WHAT IS EXPECTED
Starting with the line with "раний патентпервый патент" in the entries below and going on through the line with "Zábavná hra na", output every line exactly and nothing more. No pictures.

▼▼▼

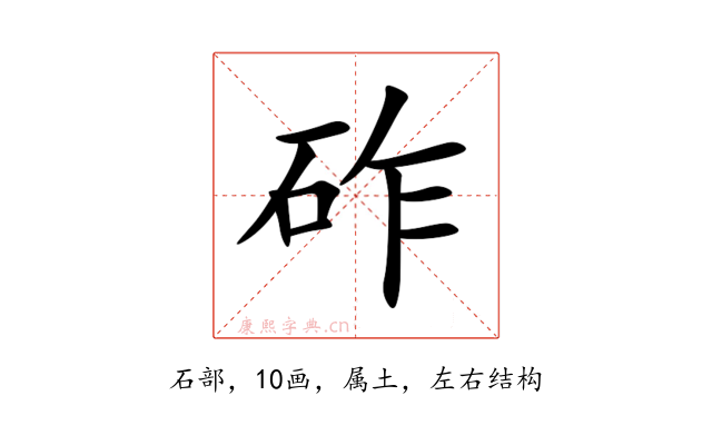 〔砟〕字是左右结构,可拆字为“石、乍”,五行属土。
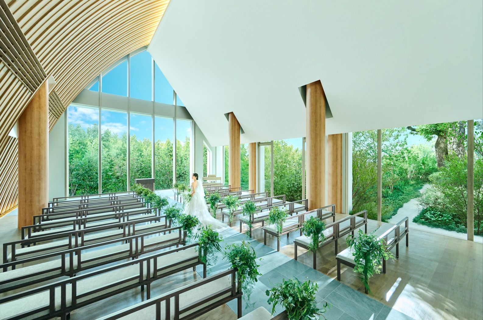特徴 | ついに【25年11月NewOpen】熊本の豊かな自然に囲まれた新たなランドマーク誕生 | 緑豊かな森に抱かれた白亜の邸宅を全館貸切!ふたりらしさ満点の挙式&パーティを叶えよう | 南フランスに実在する協会をモデルに創られた荘厳な雰囲気を持つチャペル | 緑に包まれた石畳と穏やかな光に包まれた教会はまさに森の中の教会 | ||
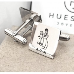 Gemelos personalizados con silueta tallada en plata...
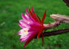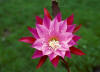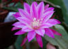 innere Petalen helllila mit dunkler lila Mittelstreifen. Äussere Petalen karminrot.
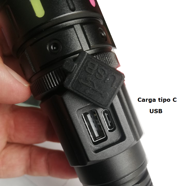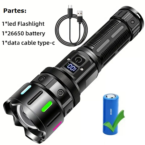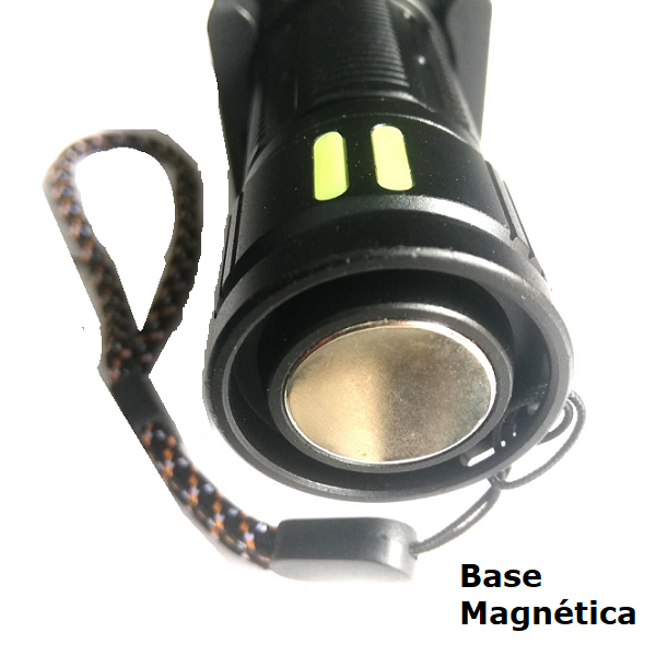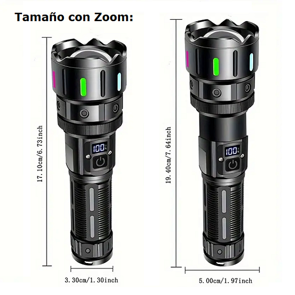Marca / Nombre: Super Strong Modelo: 5239-1 Material: Aluminio aeronáutico Color:Negro Largo:15.8cm. Ancho: 3.9cm. Fuente de luz: LED M60 (zoom telescópico). Modos: luz alta, media, baja, flash, SOS. Pantalla: digital de porcentaje de batería. Imán: base magnética. Batería: integrada tipo 18650 (≈800 mAh). Carga: USB-C. Salida USB: (power bank 5v). Impermeabilidad: IPX6.
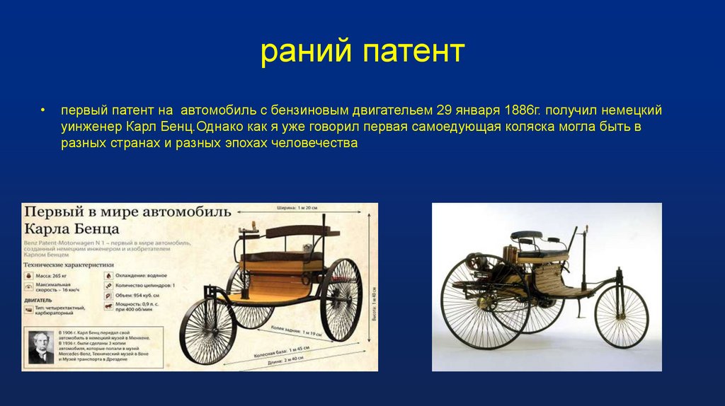 раний патентпервый патент на автомобиль с бензиновым двигательем 29 января 1886г. получил немецкий
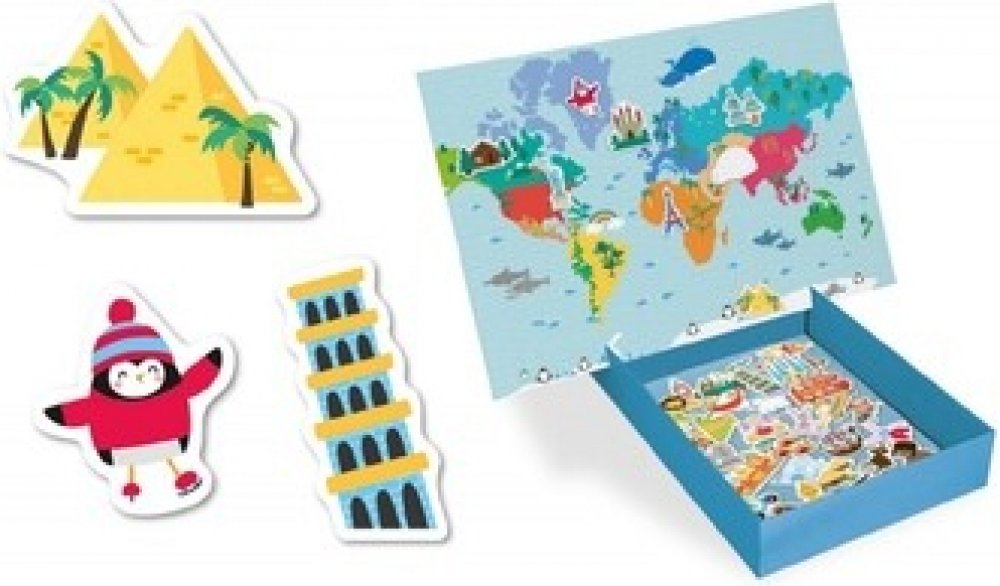 Zábavná hra na magnetickém podkladu s potištěnými magnety památek a zvířátek, která jsou charakteristická pro jednotlivá místa ve světě.
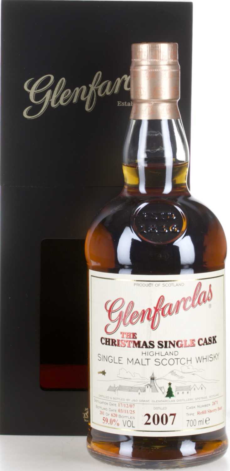 Glenfarclas The Christmas Single Cask - Vintage 2007 - ist eine besondere Einzelfassabfüllung, die exklusiv zur Weihnachtszeit erscheint und als erste Christmas-Single-Cask-Edition der Brennerei einen außergewöhnlichen Stellenwert besitzt. Der Whisky wurde am 17. Dezember 2007 destilliert und reifte über viele Jahre in einem Refill Oloroso Sherry Butt (Cask 2671), bevor er in naturbelassener Qualität abgefüllt wurde - ohne Kältefiltration, ohne Farbstoffe und in authentischer Fassstärke.
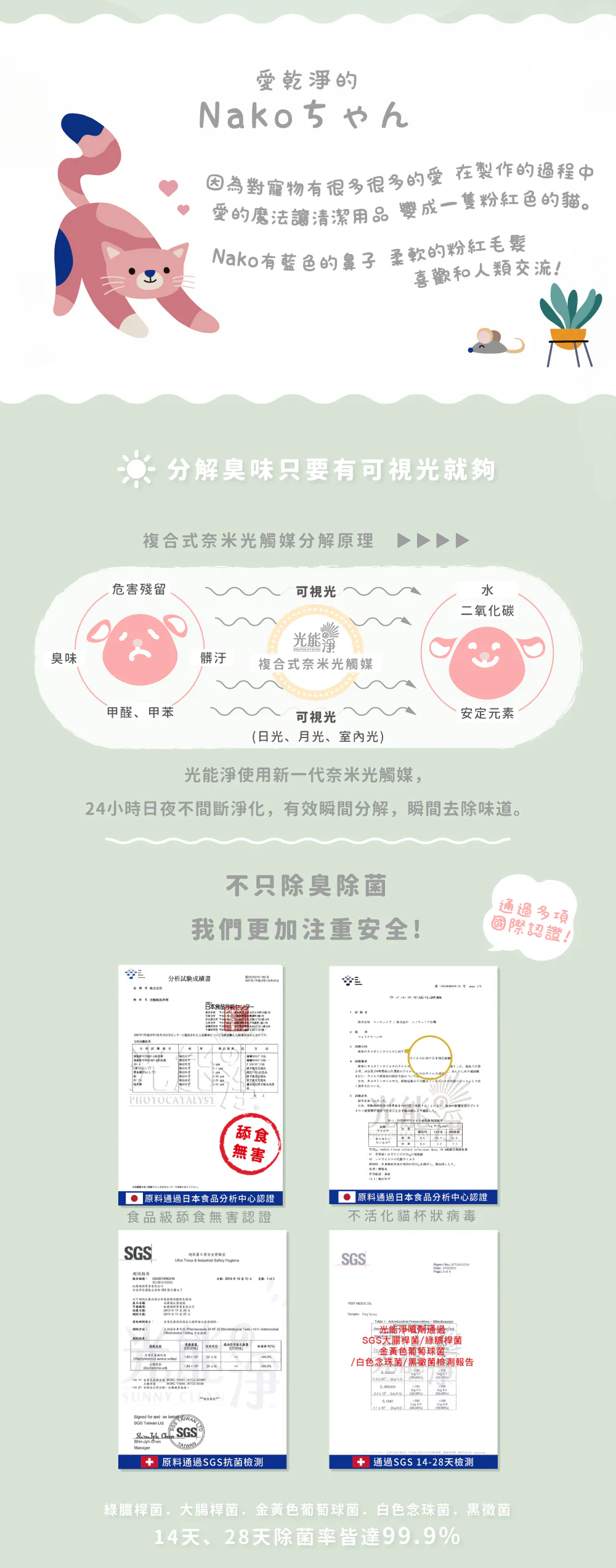 成分:奈米光觸媒水溶液、活性碳酸鈉、檸檬酸

▲▲▲

EXERCISE OUTPUT
 раний патентпервый патент на автомобиль с бензиновым двигательем 29 января 1886г. получил немецкий
 Zábavná hra na magnetickém podkladu s potištěnými magnety památek a zvířátek, která jsou charakteristická pro jednotlivá místa ve světě.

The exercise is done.